For French citizens, the really telling contrast is with Germany, where fatalities have been proportionately much lower than in other European nations, including France. This has been widely attributed to much more extensive testing, which has allowed the authorities to identify, trace and eradicate transmission chains, and isolate localised clusters. Germany, as of 15 April, had tested 16 people in every 1,000 of its population; France just 5.1; the UK 4.5. That same day, Angela Merkel announced a first cautious relaxation of restrictions.

Macron's plan is based on evidence that the infection rate in France is at last levelling out, as it has begun to do in neighbouring Italy and Spain, where the impact was worse. Even so, on the day of his broadcast, France's confirmed caseload was approaching 100,000 and the death toll was a shade shy of 15,000. Fatalities now total more than 20,000, but hospital admissions have fallen steadily.

So, details of what will happen after 11 May remain fluid and imprecise. 'When will we be able to return to a normal life?' the President asked rhetorically. 'I would love to be able to answer you but, to be frank, I must humbly tell you that we do not have definitive answers.... 11 May will be the start of a new phase.
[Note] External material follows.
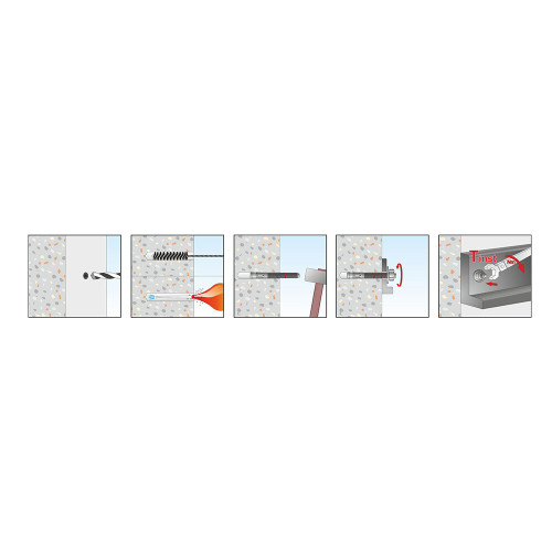 Применяется для монтажа различных изделий и конструкций к основаниям из бетона, камня (плотных пород), такие как обрешетки, консоли, приставные лестницы, кабельные каналы, оборудование, лестничные марши, ворота и фасады.\nСтандартная глубина анкеровки обеспечивает максимальную несущую способность. Это позволяет уменьшить количество точек крепления.\nЗначительно упрощенная установка с минимальной глубиной требует лишь несколько ударов молотка.\nВыступ на торце анкера защищает резьбу от повреждения при забивании и обеспечивает легкий монтаж анкера. Красные полоски на резьбе анкера обозначают стандартную и уменьшенную глубину установки. При уменьшенной глубине установки снижается несущая способность анкера, но увеличивается толщина прикрепляемой детали.\nОцинкованное покрытие обеспечит защиту от коррозии.МаркировкаZJE ZN – Анкер клиновой.\n\nФУНКЦИОНИРОВАНИЕКлиновой анкер ZJE пригоден для предварительного и сквозного монтажа. При определенных условиях пригоден для дистанционного монтажа.Перед монтажом необходимо установить шестигранную гайку в оптимальное положение (болт должен выступать прибл. на 3 мм).Во время затяжки конический болт перемещается в распорную втулку и расширяет её, прижимая к стенкам просверленного отверстия.Глубина установки обозначается нанесенными красными полосками на резьбовой части анкера. Верхняя полоска – стандартная глубина установки, Нижняя полоска – уменьшенная глубина установки.

It will be progressive and the rules can be adapted according to our results.'

Schools and nurseries will be among the first establishments to re-open, while universities look set to remain closed – and exams suspended – until the autumn term. This decision has been challenged by the teaching unions, which suspect that their members are being put at undue risk so parents can get fractious kids out of the house. They point out that other gathering places for the young are to stay closed pro tem.
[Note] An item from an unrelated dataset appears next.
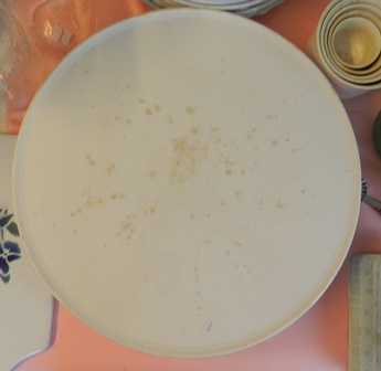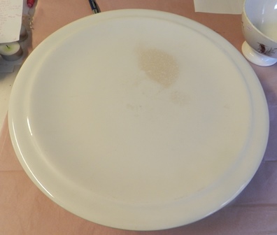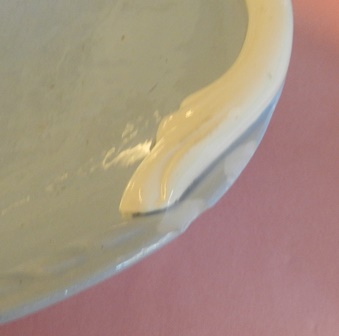 Piv lækkert gammelt fad, har et afslag på undersiden/foden.

The rules confining people to their homes for 23 hours a day, and permitting only an hour's daily exercise within a one kilometre radius from home, are likely to be relaxed at an early stage, possibly in return for stricter mask-wearing. Vulnerable groups will remain in lockdown: the original obligatory inclusion in this category of all older people was hastily reversed, perhaps because someone remembered they have votes. But the places the French are accustomed to going out to – restaurants, cafes, cinemas, concert venues – remain shut beyond 11 May. The signs are that some smaller shops will reopen on a staggered basis – those that have survived the stasis. Denmark started with the hairdressers, and I don't doubt that would be welcomed here too.
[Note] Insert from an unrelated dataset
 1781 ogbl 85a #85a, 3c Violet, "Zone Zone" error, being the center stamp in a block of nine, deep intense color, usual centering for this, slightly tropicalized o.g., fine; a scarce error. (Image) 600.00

Macron's confession to failures early in the crisis and his promise to draw the appropriate lessons betokens his awareness of the reckoning that must eventually come. He knows that hindsight, against a backdrop of economic wreckage, may be less kind about his government's performance than his traumatised country is at present. But he continues to manage that present pretty well. A pay bonus for healthcare staff, announced two days after his TV speech, was a shrewd postscript.

More importantly, he has found a tone that could convincingly blend the bad news of four more weeks of lockdown misery with the good news of an end date in sight: a grim but credible assessment of the continuing risks; and a reasoned plea for citizen solidarity to get France through the nightmare. He has achieved a sober authority that has kept a fissiparous France broadly acquiescent and compliant – thus far. In short, most people believe he is levelling with them.

Whitehall's fear is that setting out an exit strategy now would encourage people to shrug off the risk and prematurely drop their guard. To date, this has not been the French experience. One possible conclusion to draw is that when politicians treat the public as grown-ups, the public behave accordingly.